# Cricket & Piper hit the beach...



## trueblue (Jan 22, 2008)

I was only able to get a few pics of Cricket at the beach. Dogs weren't allowed to run free, so she couldn't rlh, but I did get some of Piper & Cricket in the surf:


----------



## pjewel (Apr 11, 2007)

That second picture is incredible. What a beautiful girl she is.


----------



## Missy (Nov 6, 2006)

What Beautiful Girls they both are.


----------



## Posh's Mom (Dec 20, 2007)

Great pics Kim you have two lovely girls.


----------



## ama0722 (Nov 28, 2006)

What lovely photos- definitely a great one for your desk


----------



## Me&2Girls (May 11, 2007)

Wow neat photos. Love the two beauties together.


----------



## LuvCicero (Mar 31, 2008)

The pictues are wonderful. What a great memory that will be 20 years from now. My children love to look back over their childhood with their pets. Two pretty girls.


----------



## Salsa's Mom (Mar 18, 2008)

What a fun day at the beach! Wonderful photos of your cute girls!


----------



## Redorr (Feb 2, 2008)

What beautiful photos.
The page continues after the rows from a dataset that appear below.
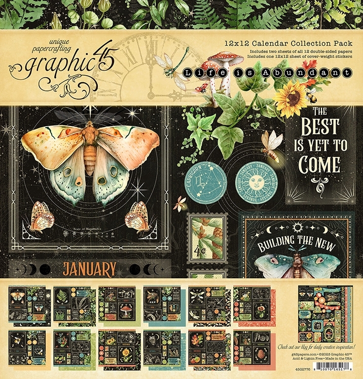 Η συλλογή Life is Abundant της Graphic 45 σας προσκαλεί σε μια μυστικιστική ιστορία που συνδυάζει μοναδικά την απόκοσμη γοητεία του δάσους με τη σκοτεινή αίγλη ενός σεληνικού ημερολογίου! Μανιτάρια, κουκουβάγιες, σκαθάρια, λουλούδια, φυτά και νυχτοπεταλούδες σε έντονα χρώματα, περιτριγυρισμένα από λευκά ουράνια σύμβολα και ζώδια κινούνται αρμονικά σε μαύρο φόντο και πλαισιώνουν τους 12 μήνες του χρόνου σκορπίζοντας κοσμική μαγεία στα έργα σας! Η συλλογή γίνεται το κρυφό διαμαντάκι - πηγή ατελείωτης έμπνευσης για όλους τους paper crafters, card makers, mixed media artists και scrapbookers!
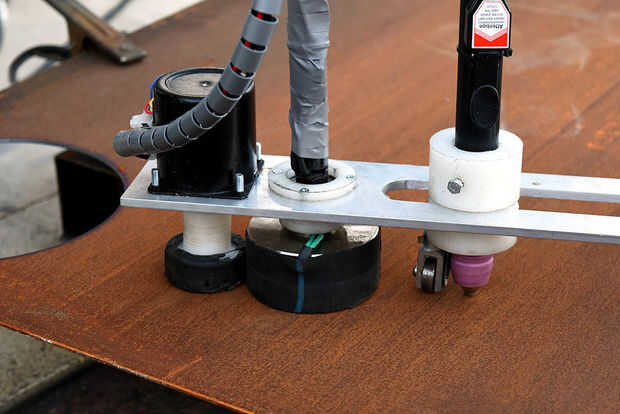 Esta notable herramienta utiliza un electroimán de 12 voltios que es capaz de levantar 100 kg con el fin de garantizar la estabilidad de la herramienta en la placa del hierro. Por lo tanto, nuestra herramienta permanece estable en la placa de hierro y una pinza gira alrededor del imán estable con ayuda del motor.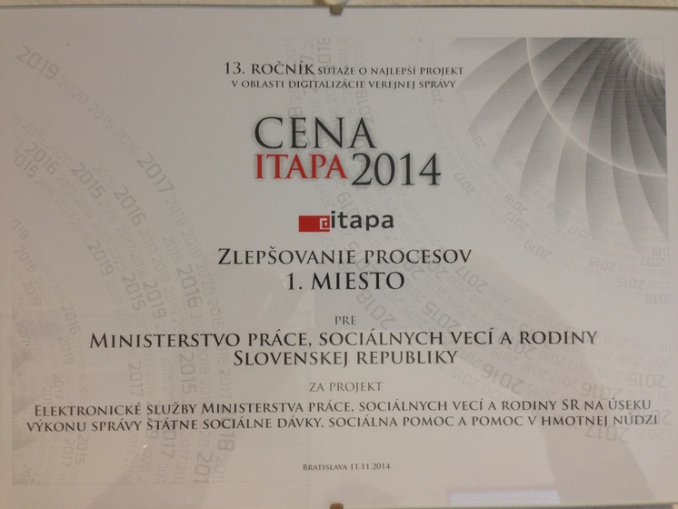 Po minuloročnom úspechu, keď si zo spomínaného podujatia odniesli cenu za Projekt roka, zabojovali aj tento rok. Výsledkom je víťazstvo v kategórii Zlepšovanie procesov. Porotcovia pridelili najviac bodov práve projektu elektronických služieb Ministerstva práce, sociálnych vecí a rodiny SR. Projekt zaviedol jednotnú elektronickú komunikáciu v rezorte práce, celkovo zefektívnil a zásadne urýchlil čas vybavovania, a v neposlednom rade sprehľadnil procesy pri vyplácaní sociálnych dávok. Systém má už vyše 10 000 aktívnych používateľov zo 60 organizácii a tieto sú rozmiestnené na viac ako 150 pracoviskách v rámci SR.

And how big Cricket is getting!


----------



## Julie (Feb 8, 2007)

What an adorable pair!


----------



## BeverlyA (Oct 29, 2006)

Beautiful Kim!! What wonderful memories you're preserving too, good for you!

Beverly


----------



## Poornima (Jun 29, 2007)

You have very cute girls.


----------



## good buddy (Feb 20, 2007)

What beautiful girls you have!


----------



## hartman studio (Feb 14, 2008)

Kim, great pictures! I love the second one.


----------



## Leslie (Feb 28, 2007)

Most definitely "enlarging and framing" quality  Kim, you've got a couple of beautiful girls!


----------



## Tritia (Nov 17, 2007)

What cute pics. And wow..your daughter is beautiful!! (you do remember I have four boys, right?.  )


----------



## casperkeep (May 16, 2007)

Those are some really cute pics of your girls. Looks like they had a good time.


----------



## michi715 (Apr 8, 2008)

Great pictures!


----------



## Doggie Nut (Oct 20, 2006)

Your girls are gorgeous....sweet as sugar!


----------



## EstrellaVila (Nov 30, 2007)

Great pictures!! They look like they had tons of fun at the beach =)


----------



## suzyfrtz (Nov 12, 2007)

Cricket looks totally relaxed in your daughter's arms in spite of the raging surf. Totally loved and trusting. Beautiful photos.

Suzy


----------